:: Data shown

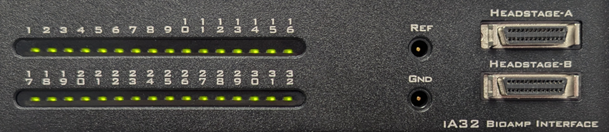 The iA32 has two 26-pin headstage connectors (analog) on the front of the unit. The connectors are labeled alphabetically from top to bottom. Each connector carries signal for one bank of channels with ground and reference. The corresponding channel numbers depend on the reference mode configuration.
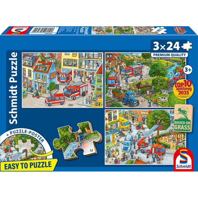 Kinderpuzzel van Schmidt Spiele – groot legplezier voor kleine ontdekkers. 3 x 24 stukjes afbeeldingen met allerlei voertuigen.
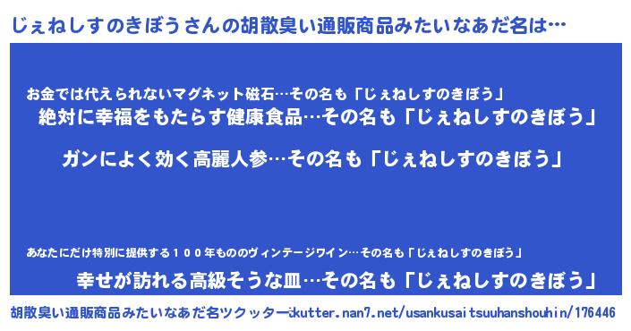 | 女子向けラノベタイトル風あだ名 | 『じぇねしすのきぼうなんてお断りですっ。』 |
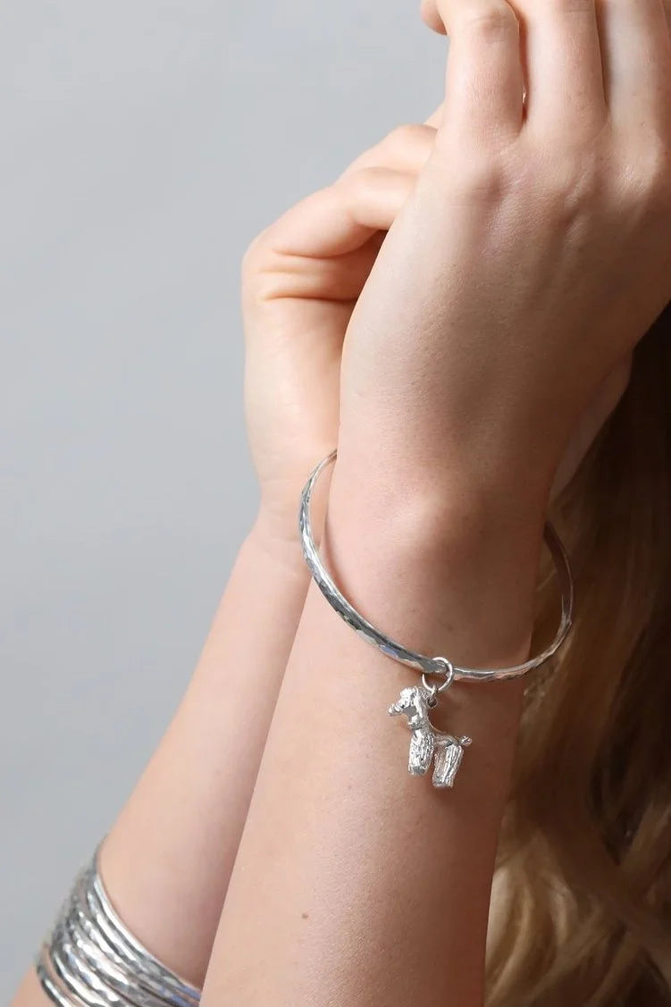 A beautiful choice of bangles with your chosen animal added, if you would like more than one Charm please contact me and I will make something specially for you !

::::

What you are asked to do: Set down the data again, exactly, without images.

Answer for the task:
 The iA32 has two 26-pin headstage connectors (analog) on the front of the unit. The connectors are labeled alphabetically from top to bottom. Each connector carries signal for one bank of channels with ground and reference. The corresponding channel numbers depend on the reference mode configuration.
 Kinderpuzzel van Schmidt Spiele – groot legplezier voor kleine ontdekkers. 3 x 24 stukjes afbeeldingen met allerlei voertuigen.
 | 女子向けラノベタイトル風あだ名 | 『じぇねしすのきぼうなんてお断りですっ。』 |
 A beautiful choice of bangles with your chosen animal added, if you would like more than one Charm please contact me and I will make something specially for you !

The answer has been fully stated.